WHAT THE TASK ASKS> Your answer must hold only the lines below from the line containing "Неслучайно бархатцы —" through the line containing "Pro tip: Make", each reproduced exactly.

[RECORD SET]

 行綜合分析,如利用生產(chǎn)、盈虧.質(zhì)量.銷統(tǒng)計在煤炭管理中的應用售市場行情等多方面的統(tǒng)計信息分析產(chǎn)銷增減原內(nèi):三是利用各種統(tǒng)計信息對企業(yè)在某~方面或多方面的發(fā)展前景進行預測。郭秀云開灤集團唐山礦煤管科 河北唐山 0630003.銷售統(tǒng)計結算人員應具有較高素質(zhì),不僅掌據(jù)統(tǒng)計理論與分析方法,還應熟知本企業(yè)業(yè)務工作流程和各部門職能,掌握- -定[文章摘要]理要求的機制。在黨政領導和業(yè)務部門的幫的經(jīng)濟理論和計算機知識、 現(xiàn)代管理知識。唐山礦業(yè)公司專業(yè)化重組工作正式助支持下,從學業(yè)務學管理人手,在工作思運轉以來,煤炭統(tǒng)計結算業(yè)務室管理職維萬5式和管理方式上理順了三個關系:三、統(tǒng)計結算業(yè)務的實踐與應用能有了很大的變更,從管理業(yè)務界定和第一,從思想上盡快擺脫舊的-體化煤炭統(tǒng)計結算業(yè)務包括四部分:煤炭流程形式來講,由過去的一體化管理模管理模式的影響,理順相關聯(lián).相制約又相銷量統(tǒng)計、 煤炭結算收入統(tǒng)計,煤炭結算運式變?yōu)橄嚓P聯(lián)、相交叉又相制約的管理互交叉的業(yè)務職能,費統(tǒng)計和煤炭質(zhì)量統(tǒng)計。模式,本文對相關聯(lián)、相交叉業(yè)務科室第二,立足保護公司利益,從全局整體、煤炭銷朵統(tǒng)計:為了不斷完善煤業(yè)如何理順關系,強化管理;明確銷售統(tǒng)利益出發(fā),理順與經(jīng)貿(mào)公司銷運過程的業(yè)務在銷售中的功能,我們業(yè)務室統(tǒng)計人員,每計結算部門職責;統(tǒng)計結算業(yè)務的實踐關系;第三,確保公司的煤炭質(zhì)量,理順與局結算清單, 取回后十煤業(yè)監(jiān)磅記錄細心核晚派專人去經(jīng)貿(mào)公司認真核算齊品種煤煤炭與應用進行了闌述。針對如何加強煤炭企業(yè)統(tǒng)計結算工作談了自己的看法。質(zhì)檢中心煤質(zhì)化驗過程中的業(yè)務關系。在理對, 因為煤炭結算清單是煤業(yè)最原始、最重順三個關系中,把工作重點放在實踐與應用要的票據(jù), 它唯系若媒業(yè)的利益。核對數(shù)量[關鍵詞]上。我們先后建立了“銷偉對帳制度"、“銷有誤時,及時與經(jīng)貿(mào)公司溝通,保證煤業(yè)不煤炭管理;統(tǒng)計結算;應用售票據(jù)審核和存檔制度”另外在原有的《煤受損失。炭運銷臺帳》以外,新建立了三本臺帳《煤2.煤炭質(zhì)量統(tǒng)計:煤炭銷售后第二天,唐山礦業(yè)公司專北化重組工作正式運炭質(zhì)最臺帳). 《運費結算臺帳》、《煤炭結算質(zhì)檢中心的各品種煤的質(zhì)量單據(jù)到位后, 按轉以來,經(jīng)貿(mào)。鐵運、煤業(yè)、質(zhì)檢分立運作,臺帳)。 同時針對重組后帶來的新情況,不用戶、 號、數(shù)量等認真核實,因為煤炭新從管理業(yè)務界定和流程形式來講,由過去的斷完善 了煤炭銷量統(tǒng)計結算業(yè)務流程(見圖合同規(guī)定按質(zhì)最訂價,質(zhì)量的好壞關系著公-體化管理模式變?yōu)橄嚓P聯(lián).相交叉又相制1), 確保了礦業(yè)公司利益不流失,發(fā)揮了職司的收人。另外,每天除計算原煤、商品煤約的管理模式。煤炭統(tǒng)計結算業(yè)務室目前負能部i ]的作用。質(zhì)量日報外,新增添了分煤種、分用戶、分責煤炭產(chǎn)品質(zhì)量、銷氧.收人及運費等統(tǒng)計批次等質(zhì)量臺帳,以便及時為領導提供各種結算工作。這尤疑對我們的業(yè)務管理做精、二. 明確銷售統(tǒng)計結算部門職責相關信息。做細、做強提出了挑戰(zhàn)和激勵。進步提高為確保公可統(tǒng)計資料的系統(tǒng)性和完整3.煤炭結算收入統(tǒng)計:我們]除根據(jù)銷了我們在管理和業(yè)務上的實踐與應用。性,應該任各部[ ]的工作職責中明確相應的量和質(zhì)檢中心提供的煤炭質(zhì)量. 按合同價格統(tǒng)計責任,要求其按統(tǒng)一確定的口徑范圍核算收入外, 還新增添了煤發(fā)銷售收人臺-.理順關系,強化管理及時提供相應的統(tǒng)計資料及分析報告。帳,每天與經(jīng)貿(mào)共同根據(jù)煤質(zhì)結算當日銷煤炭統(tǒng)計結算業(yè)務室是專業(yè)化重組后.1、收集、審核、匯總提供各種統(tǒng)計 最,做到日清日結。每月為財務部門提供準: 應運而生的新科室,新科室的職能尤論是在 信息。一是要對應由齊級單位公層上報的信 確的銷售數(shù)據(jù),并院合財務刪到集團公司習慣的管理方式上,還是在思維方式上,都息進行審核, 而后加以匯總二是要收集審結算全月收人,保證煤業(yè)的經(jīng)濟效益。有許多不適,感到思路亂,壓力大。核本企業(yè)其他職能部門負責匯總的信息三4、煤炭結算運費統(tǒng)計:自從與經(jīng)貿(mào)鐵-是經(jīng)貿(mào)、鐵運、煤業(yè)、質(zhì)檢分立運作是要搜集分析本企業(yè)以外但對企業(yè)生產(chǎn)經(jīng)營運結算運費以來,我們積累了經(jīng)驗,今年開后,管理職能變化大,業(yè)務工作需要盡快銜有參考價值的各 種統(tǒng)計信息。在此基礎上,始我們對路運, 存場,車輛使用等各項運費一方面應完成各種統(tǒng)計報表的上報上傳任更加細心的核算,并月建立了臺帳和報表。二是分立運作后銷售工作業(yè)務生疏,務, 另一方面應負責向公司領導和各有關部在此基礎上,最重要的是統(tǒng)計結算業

[/RECORD SET]
[RECORD SET]

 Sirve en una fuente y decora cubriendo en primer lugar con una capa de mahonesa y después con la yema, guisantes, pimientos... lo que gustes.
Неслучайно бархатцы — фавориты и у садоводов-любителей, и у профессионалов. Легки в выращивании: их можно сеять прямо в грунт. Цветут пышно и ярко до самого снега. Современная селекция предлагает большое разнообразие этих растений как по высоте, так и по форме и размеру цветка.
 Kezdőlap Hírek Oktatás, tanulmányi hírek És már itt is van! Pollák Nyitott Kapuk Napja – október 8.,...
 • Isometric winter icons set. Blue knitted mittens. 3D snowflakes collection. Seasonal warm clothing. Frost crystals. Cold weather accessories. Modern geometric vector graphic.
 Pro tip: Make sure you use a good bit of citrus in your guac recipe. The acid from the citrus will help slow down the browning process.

[/RECORD SET]

EXERCISE RESULT>
Неслучайно бархатцы — фавориты и у садоводов-любителей, и у профессионалов. Легки в выращивании: их можно сеять прямо в грунт. Цветут пышно и ярко до самого снега. Современная селекция предлагает большое разнообразие этих растений как по высоте, так и по форме и размеру цветка.
 Kezdőlap Hírek Oktatás, tanulmányi hírek És már itt is van! Pollák Nyitott Kapuk Napja – október 8.,...
 • Isometric winter icons set. Blue knitted mittens. 3D snowflakes collection. Seasonal warm clothing. Frost crystals. Cold weather accessories. Modern geometric vector graphic.
 Pro tip: Make sure you use a good bit of citrus in your guac recipe. The acid from the citrus will help slow down the browning process.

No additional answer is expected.